Data:
□ □ □ □

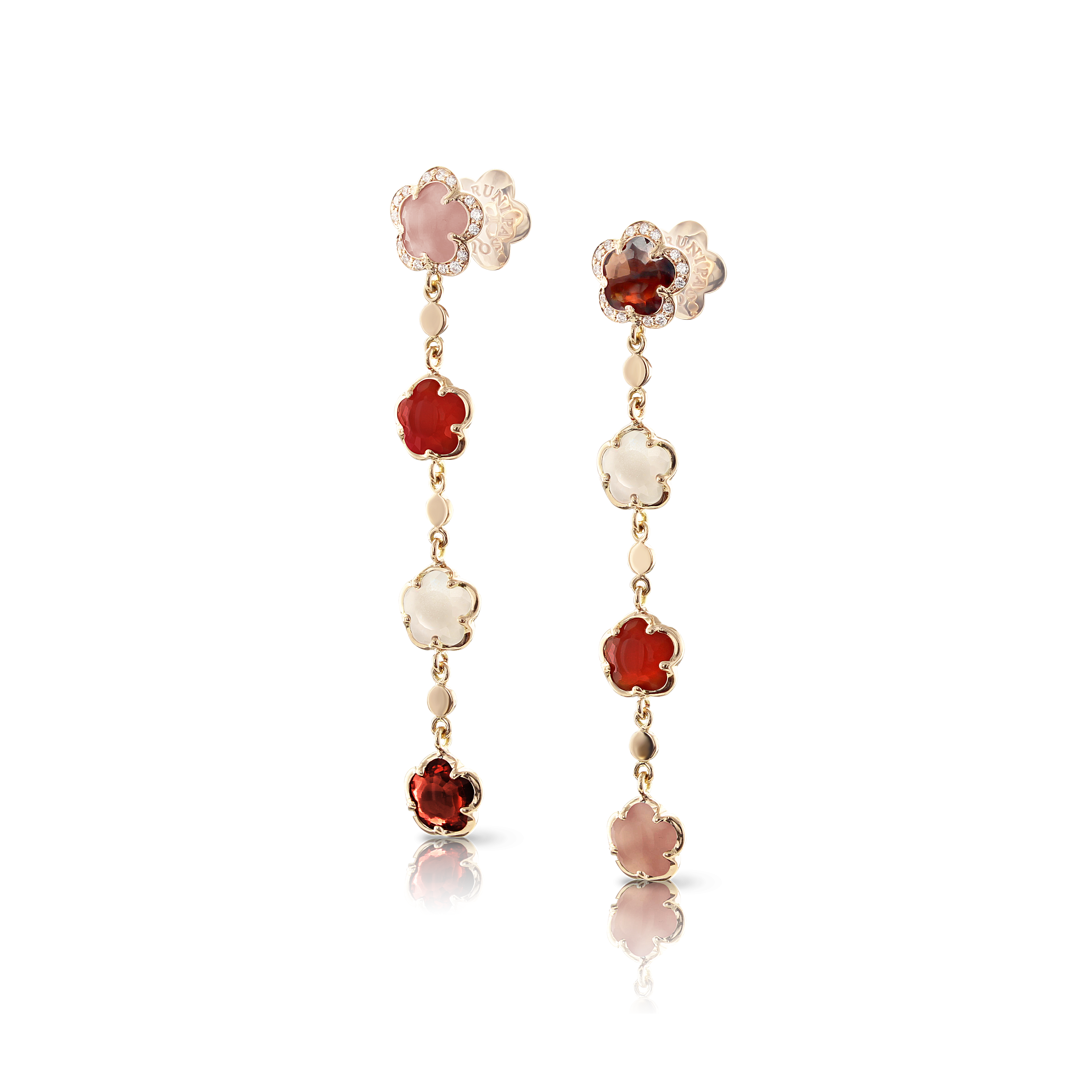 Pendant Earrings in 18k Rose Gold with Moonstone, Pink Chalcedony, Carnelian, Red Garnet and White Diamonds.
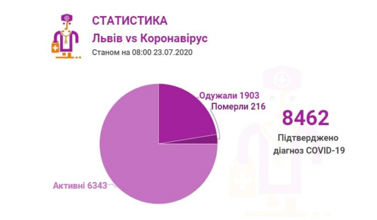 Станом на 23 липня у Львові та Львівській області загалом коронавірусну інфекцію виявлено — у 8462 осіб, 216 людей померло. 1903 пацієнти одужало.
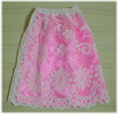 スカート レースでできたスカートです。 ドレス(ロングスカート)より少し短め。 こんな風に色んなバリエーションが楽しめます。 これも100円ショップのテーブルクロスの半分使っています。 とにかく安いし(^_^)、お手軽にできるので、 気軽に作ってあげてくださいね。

□ □ □ □

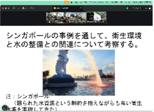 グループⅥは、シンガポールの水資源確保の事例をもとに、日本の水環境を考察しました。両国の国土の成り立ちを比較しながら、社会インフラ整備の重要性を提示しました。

□ □ □ □

Brief: Using the data above, output the line that has "Станом на 23", the line that has "スカート レースでできたスカートです。 ドレス(ロングスカート)より少し短め。", and whatever lines fall between, each exactly as it stands and without pictures.

Task response:
 Станом на 23 липня у Львові та Львівській області загалом коронавірусну інфекцію виявлено — у 8462 осіб, 216 людей померло. 1903 пацієнти одужало.
 スカート レースでできたスカートです。 ドレス(ロングスカート)より少し短め。 こんな風に色んなバリエーションが楽しめます。 これも100円ショップのテーブルクロスの半分使っています。 とにかく安いし(^_^)、お手軽にできるので、 気軽に作ってあげてくださいね。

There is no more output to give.